Try it | Skip the pictures and write out, word for word, the lines below from the one with "- CAT7準拠STP 高速LANケーブル" through the one with "近年来,泌阳县持续实施农产品", inclusive.

Recorded information |
+++
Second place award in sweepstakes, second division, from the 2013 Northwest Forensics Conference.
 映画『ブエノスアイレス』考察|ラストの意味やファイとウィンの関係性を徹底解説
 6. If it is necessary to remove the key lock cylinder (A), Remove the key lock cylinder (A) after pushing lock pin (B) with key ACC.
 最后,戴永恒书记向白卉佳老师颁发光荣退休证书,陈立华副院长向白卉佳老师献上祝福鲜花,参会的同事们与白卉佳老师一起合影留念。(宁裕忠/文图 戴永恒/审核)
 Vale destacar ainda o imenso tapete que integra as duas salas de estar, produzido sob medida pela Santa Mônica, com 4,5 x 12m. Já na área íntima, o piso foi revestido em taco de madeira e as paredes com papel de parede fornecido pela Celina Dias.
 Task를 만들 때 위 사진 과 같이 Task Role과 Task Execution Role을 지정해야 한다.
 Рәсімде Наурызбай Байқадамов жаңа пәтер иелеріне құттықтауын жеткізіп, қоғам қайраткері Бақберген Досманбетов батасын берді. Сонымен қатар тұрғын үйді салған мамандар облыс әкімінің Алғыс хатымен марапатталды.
+++
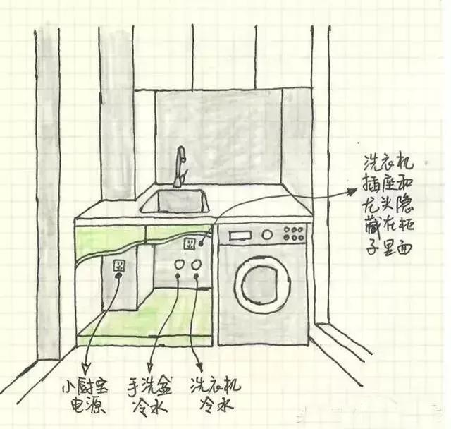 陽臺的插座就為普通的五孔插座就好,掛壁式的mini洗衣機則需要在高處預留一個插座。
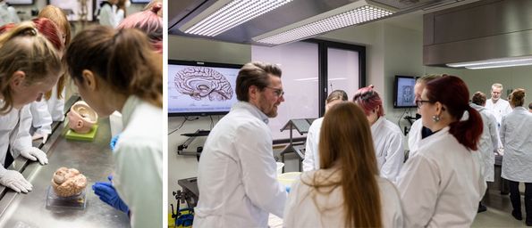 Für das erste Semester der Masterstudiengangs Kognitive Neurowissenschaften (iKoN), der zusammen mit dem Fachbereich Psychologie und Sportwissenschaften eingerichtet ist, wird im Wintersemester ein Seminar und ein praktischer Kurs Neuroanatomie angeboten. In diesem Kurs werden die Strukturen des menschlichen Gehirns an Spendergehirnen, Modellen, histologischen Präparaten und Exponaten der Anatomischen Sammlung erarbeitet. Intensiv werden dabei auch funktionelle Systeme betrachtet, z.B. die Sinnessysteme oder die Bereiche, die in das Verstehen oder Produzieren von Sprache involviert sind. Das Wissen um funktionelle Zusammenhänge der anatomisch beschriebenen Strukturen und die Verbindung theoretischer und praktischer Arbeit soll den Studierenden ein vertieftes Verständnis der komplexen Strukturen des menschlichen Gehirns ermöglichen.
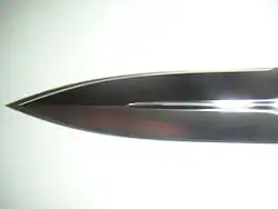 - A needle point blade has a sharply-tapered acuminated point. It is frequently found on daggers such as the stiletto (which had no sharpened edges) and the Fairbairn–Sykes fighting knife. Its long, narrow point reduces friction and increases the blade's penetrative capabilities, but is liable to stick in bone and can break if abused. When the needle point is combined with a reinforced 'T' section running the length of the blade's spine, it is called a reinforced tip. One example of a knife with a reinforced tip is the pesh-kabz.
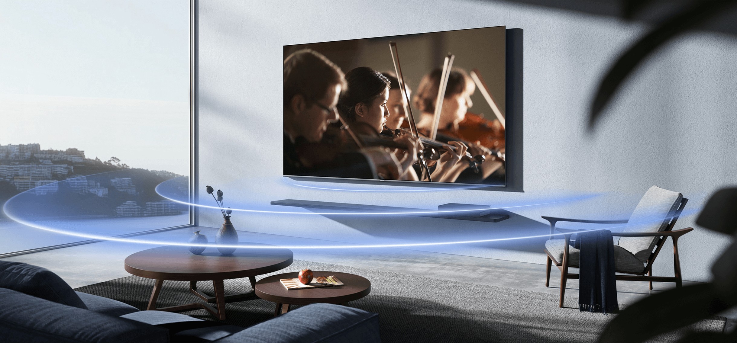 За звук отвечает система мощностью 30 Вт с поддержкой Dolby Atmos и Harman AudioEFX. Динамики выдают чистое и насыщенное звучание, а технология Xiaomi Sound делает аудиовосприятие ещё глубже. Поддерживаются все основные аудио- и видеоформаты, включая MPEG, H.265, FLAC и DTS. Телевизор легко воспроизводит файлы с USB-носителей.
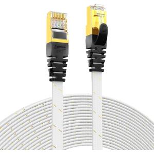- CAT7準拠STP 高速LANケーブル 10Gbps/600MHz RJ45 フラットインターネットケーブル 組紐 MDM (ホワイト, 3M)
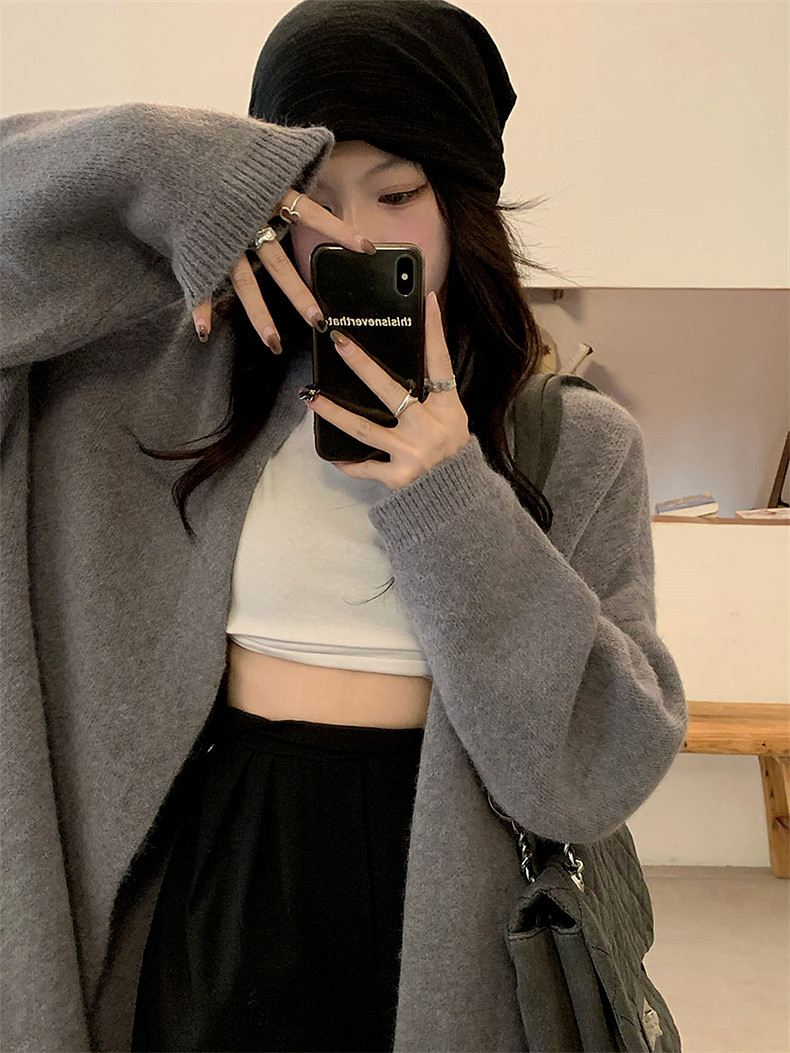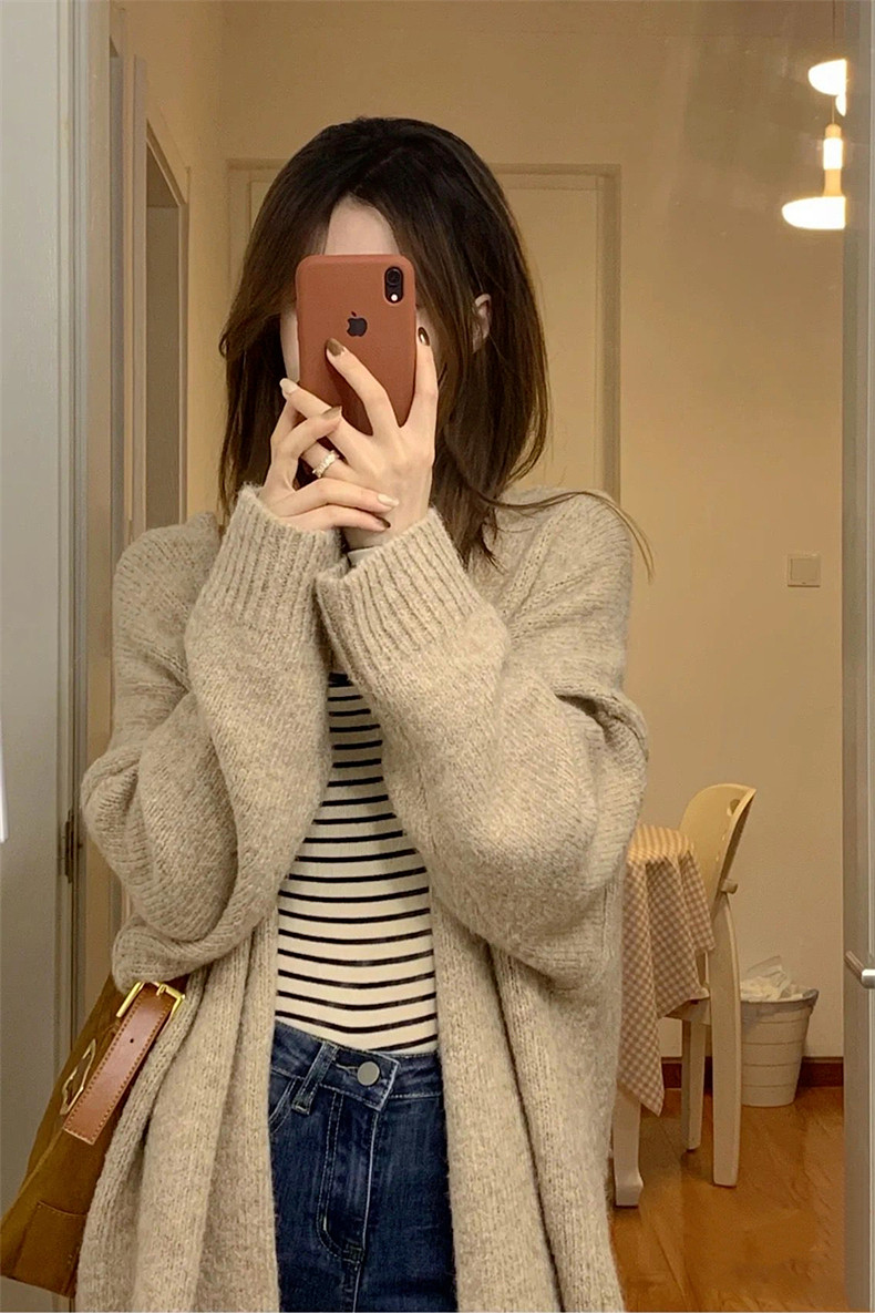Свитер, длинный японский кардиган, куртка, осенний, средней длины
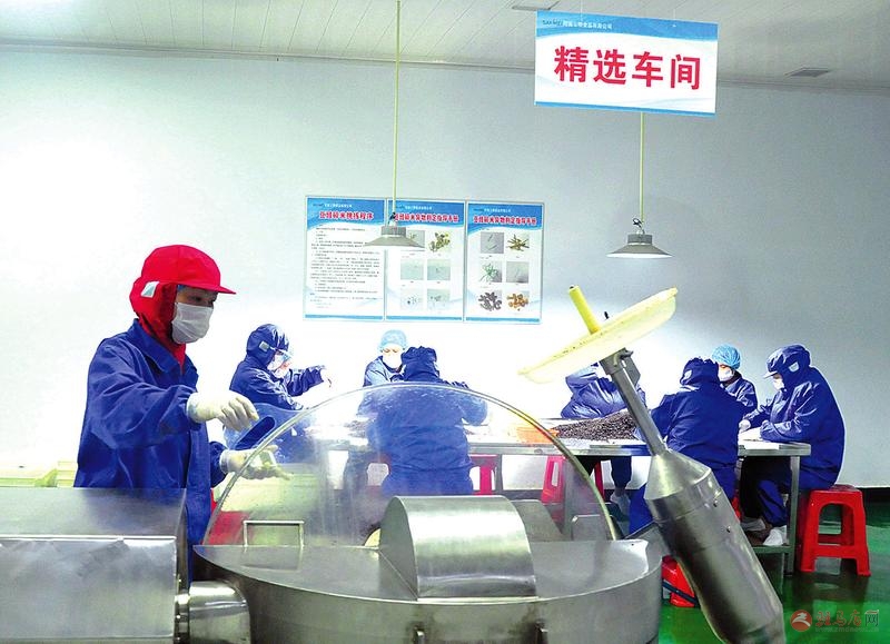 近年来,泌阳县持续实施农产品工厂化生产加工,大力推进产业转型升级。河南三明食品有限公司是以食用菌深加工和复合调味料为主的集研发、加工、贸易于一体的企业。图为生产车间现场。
+++
Answer box |
- CAT7準拠STP 高速LANケーブル 10Gbps/600MHz RJ45 フラットインターネットケーブル 組紐 MDM (ホワイト, 3M)
Свитер, длинный японский кардиган, куртка, осенний, средней длины
 近年来,泌阳县持续实施农产品工厂化生产加工,大力推进产业转型升级。河南三明食品有限公司是以食用菌深加工和复合调味料为主的集研发、加工、贸易于一体的企业。图为生产车间现场。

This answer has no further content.